19 May 2016 2min read

Not Swift by default

I really recommend reading how Maxim made his FlatBuffer library 10 thousand times faster Swift.

The interesting part is when he realized how much faster the C implementation was compared with Swift. And how the profiler showed that a big chunk of the time was in memory management code done by ARC.

Is in this cases were I think that Swift still has to do a big leap to be what we want it to be, a language that can be used for scripts, user applications and low level systems.
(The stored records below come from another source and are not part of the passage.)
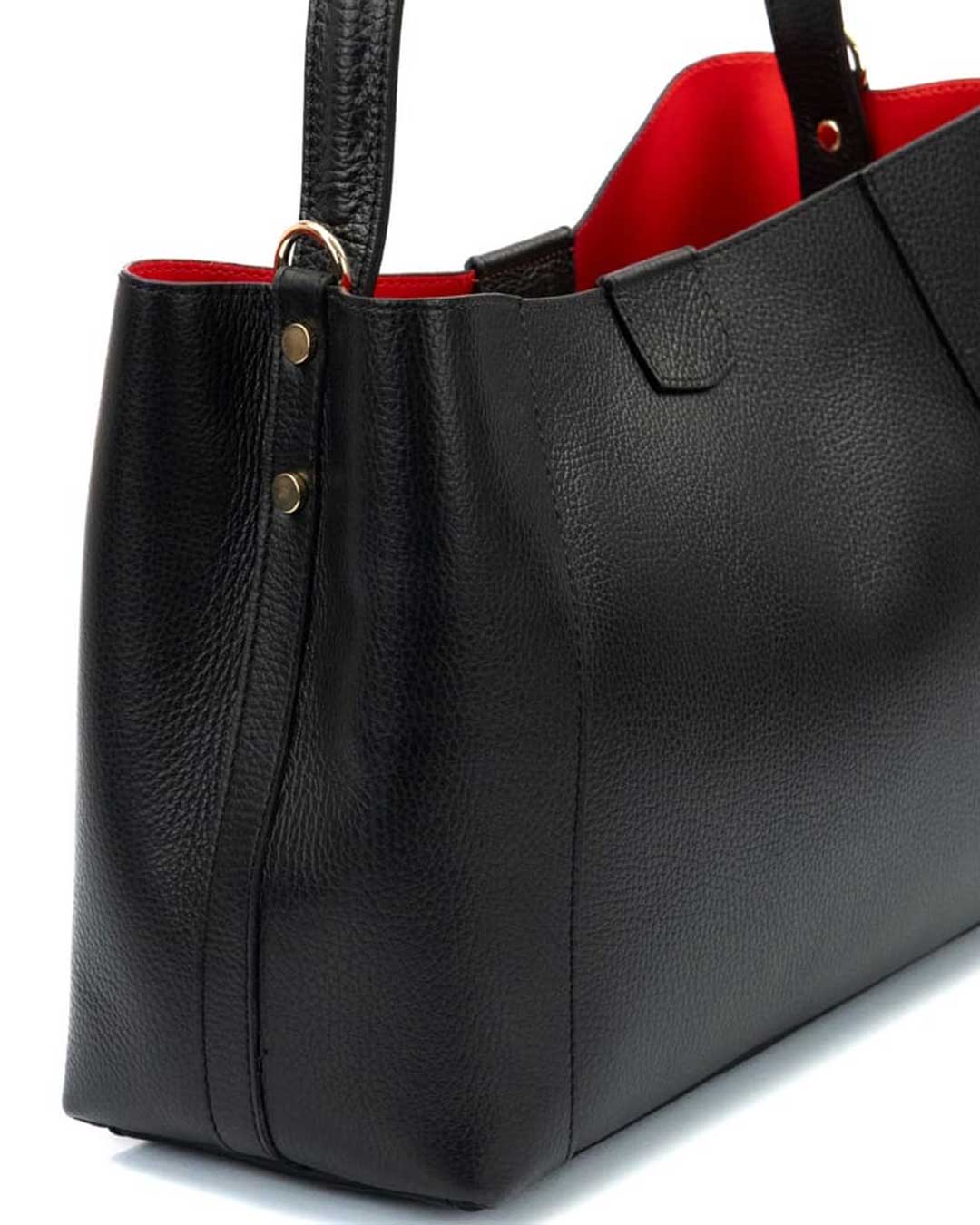 L’interno della borsa Margot è studiato per offrirti la massima organizzazione: è suddiviso in due scomparti con chiusura a bottone a calamita, separati da un ampio scomparto centrale in tessuto con chiusura zip, perfetto per mantenere al sicuro i tuoi oggetti.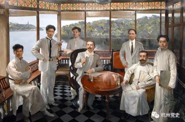我們無從得知這次會(huì)議當(dāng)時(shí)具體的情形,但是從后來我們能看到的油畫上,這七人神態(tài)各異:馬林和李大釗居中而坐,馬林舉手像正在說什么;陳獨(dú)秀傲然而立,張國燾則手中拿著長長的稿子,表情頗為不平;邊上張?zhí)讑A著一個(gè)當(dāng)時(shí)最流行的碩大的文件夾,一臉期盼的看著遠(yuǎn)方。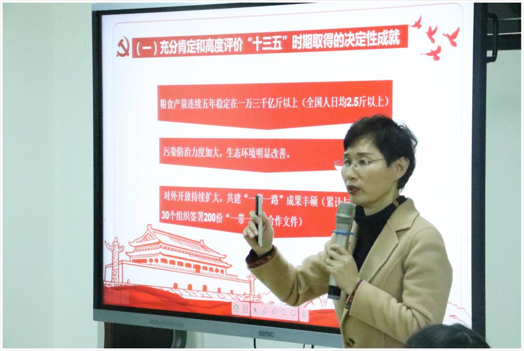 在全国上下学习党的十九届五中全面精神的热潮下,为提高大学生的学习热情,按照学校部署,12月24日晚自习商务贸易系在T6407合堂教室以“学习贯彻全会精神,凝心聚力共创未来”为主题开展党的十九届五中全会宣讲报告会,由商务贸易系党总支书记孙琳霞主讲,全体辅导员及120余名学生代表参会。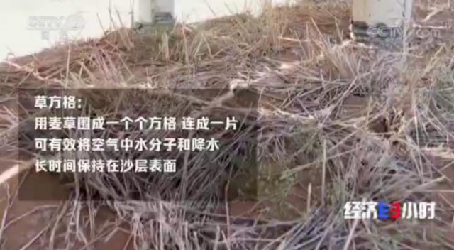 在中衛(wèi)沙漠光伏產業(yè)園,隨處可以見到這種四四方方的格子,這就是當?shù)刂紊车拿孛芪淦?-草方格。用麥草圍成一個個方格連成一片,可以有效將空氣中的水分子和降水長時間保持在沙層表面,為淺根性植物的生長提供水分,在方格中央及周圍撒上草籽,一旦有雨水,它們就能長得很好,而且在植物生長過程中,連成片的光伏板阻擊發(fā)揮了重要的庇護和助力作用。光伏板大面積安裝后,白天為地面植物擋住過強的陽光,有效降低地表水蒸發(fā),并且有效降低風速。夜間光伏板會凝聚部分水分,早上太陽一出來,露水滴下來滋潤著光伏園內的土壤,有了光伏板的庇護,植物在沙漠中可以更好的扎根生長。

And having to deal with the penalty of ARC being always there is not the best for a language that claims to be a system level language.

Granted, with some effort and knowing where the issue is, one can shape Swift code in a way that reduces or even eliminates that performance penalty.

We saw that allocating memory and retain release calls where dominating when profiling. So why not just do the same bare bone thing that C does. Write a bunch of functions which read data from a byte array without allocating any objects.

I’m honestly happy that this can be done. That, at least, we have the option to opt-out of ARC and its performance implications. And luckily is not that hard, you just have to know what to use and what to avoid.

Looking where the bast majority of Swift code is written is logical that the default for it more on the side of removing the burden of memory management for the developers at the cost of a performance penalty.

I just wish that in the future Swift can help us a little more on being performant by default. Otherwise will be harder to remove the stigma of it being only useful for iOS Apps.

The hope is in some Chris Lattner comments. The idea of using Rust approach is in the air, but it will probably look quite different, being an opt-in feature as it is right now.